When considering an appeal of your divorce, it is important to determine the grounds behind your appeal, and the form of appeal you wish to take. There are few reasons provided by Florida Law to embrace an action of an appeal. These grounds for an appeal include: newly discovered evidence, fraud, concealment, or inaccurate legal determination. You must provide clear evidence of these grounds and have a sound legal argument outside of your dissatisfaction with a court’s ruling. However, this evidence is limited to what was previously presented in the original trial, you may not introduce any new testimony or evidence.
There are a few common appellate actions you may take in your divorce proceedings. The first is a Notice of Exception to the Report and Recommendation of a General Magistrate. The requirements for this motion include: your case was heard before a General Magistrate rather than a judge; you provide proper grounds for the appeal; and your objection is filed within 10 days of the General Magistrates ruling. The circuit judge will then review the transcript and objection to determine if the recommendation of the General Magistrate is proper under the facts provided and Florida law.
The most common action taken after a divorce is a Motion for Rehearing. This motion is similar to an objection to a recommendation of the General Magistrate, except your case was originally heard by the circuit judge you are seeking review from.

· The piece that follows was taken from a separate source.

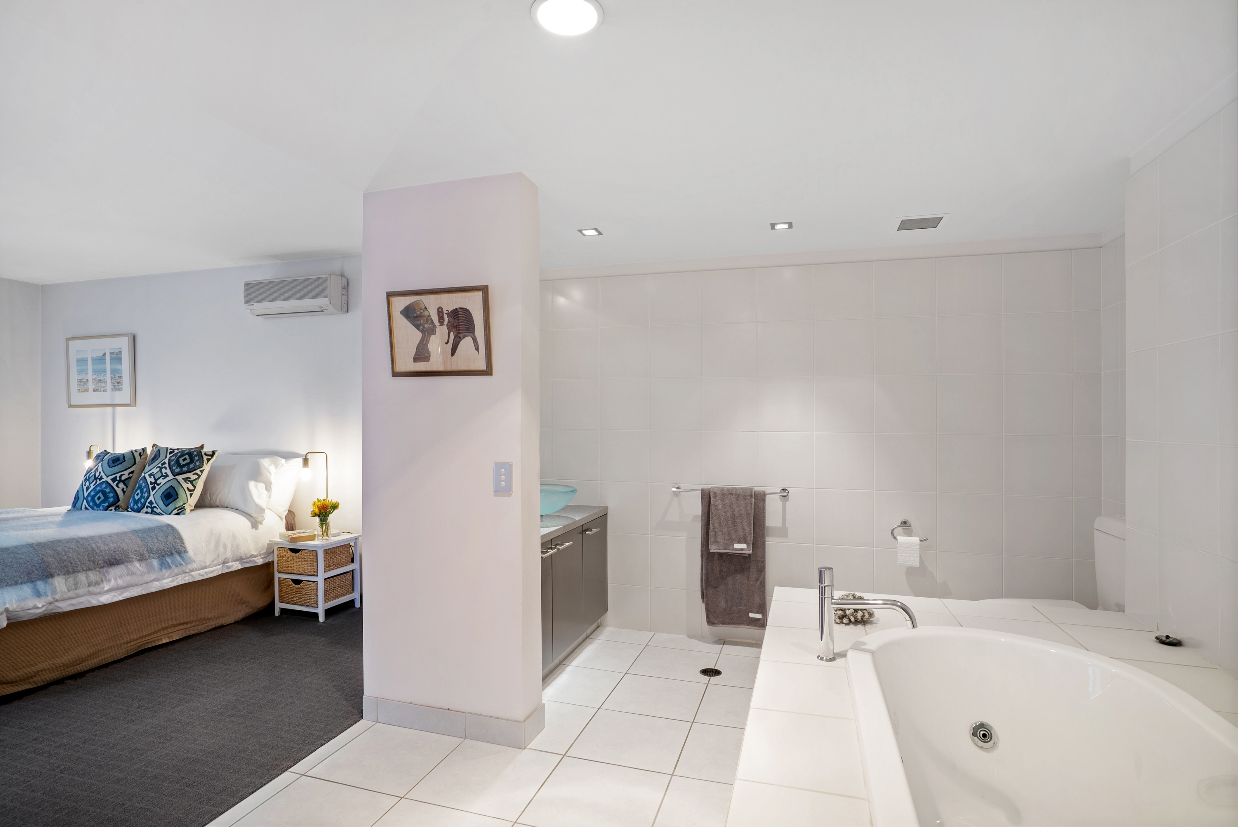Originally a three bedroom design, the third bedroom has been opened up to create an additional space connecting the open plan living area through to the second balcony. This area could easily be converted back into a third bedroom. The master suite opens out onto a balcony and has a private and indulgent ensuite with a deep spa bath and matching his and her vanities.

The judge may decline to rehear the case, which is likely as they were the individual who handed down the original decision. However, many choose to file this motion prior to seeking an official appeal.
A formal appeal is heard before the District Court of Appeals. There are five different districts to cover the State of Florida, with each district assigned to cover a number of circuits and counties. This process is extremely time specific and follows certain procedural rules. Your first step is to file a notice of appeal, with the trial court, within 30 days of the order. Even if an hour late, your right to appeal will be lost. This notice will be forwarded by the clerk to the proper District Court of Appeals. You must then direct the clerk to provide a copy of the official record of your case, and direct the court reporter to prepare and provide a copy of the transcript of your trial proceedings within 10 days of your Notice of Appeal. Your attorney will then prepare an initial appellate brief to be served on the court and opposing party, within 70 days of filing the Notice of Appeal. This brief will be the substance of your argument; however, you are not able to provide new evidence or facts, and instead must rely solely on what was argued in your original trial. Opposing counsel will then be permitted to respond with an answer brief and your case may be set for oral arguments before the District Court of Appeals. The appellate court will look for evidence suggesting the trial court failed to determine the correct facts, or incorrectly applied the law to the appropriate facts. The court may determine that the trial court’s ruling was proper, overturn the ruling, or remand the proceedings to the trial court for a new determination consistent with the appellate court’s opinion.
During your divorce action and immediately after, you may consider the possibility of appealing the court order. However, it is imperative you fully understand the procedures and regulations surrounding an appeal of your divorce. Discuss the legal procedure and ramifications of an appeal with your lawyer.